The installation work we just covered in Chapters 6 and 7 is only one side of the coin. The indispensable other side is Construction Quality Assurance (CQA)—the continuous process of testing and inspection that proves the work meets specification as it progresses.
Let’s be perfectly clear: CQA does NOT follow installation. It’s a parallel effort with every panel deployment and every foot of field seam, designed to eliminate even the possibility of catastrophic error.
It only makes sense: top surgical teams don’t rely on skill and experience alone; they follow rigorous protocols for everything, from monitoring vitals to counting sponges, double- and triple-checking at every step because it’s too late to do a tool inventory after the patient is in the recovery room.
While we realize that installing a pumped storage liner isn’t exactly open-heart surgery, the potential consequences of failure are serious and demand a similar standard of verification. Without it, all the careful planning, material science, and installation skills you’ve harnessed for this project are essentially meaningless.
For PSH reservoirs, leaks are the boogeyman—not sponges. So we’ll cover the two main types of field seam testing—non-destructive and destructive—and the final visual inspection that gives the green light to “close it up” by placing the protective cover structure.
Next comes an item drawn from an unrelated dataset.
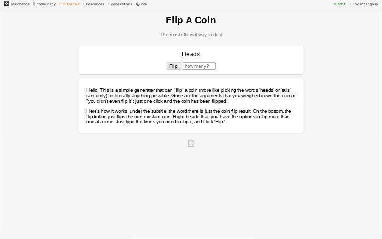 Based on this image's title: “Coin Flipper ― Perchance Generator”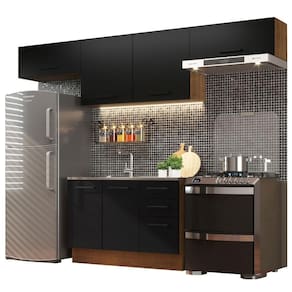 Itens inclusos: - Dois (2) Aéreos de 80 cm com uma (1) porta basculante - Um (1) Balcão de pia de 120 cm de largura com duas (2) portas e três (3) gavetas, sendo uma maior (Não acompanha tampo.) - Um (1) Armário Aéreo de 120 cm com duas (2) portas

The CQA Plan: Your Verification Blueprint
By now, we’ve agreed that CQA is just as critical on the construction site as in the operating room. But CQA isn’t just a mindset, and it doesn’t happen just because you’re thinking about doing a good job. Real CQA needs a plan of action that’s agreed upon before anyone starts laying out the liner. The CQA Plan spells out who does what, how the testing gets done, and what the paperwork needs to look like. It’s the document that keeps everyone honest and ensures the finished product actually meets the specs.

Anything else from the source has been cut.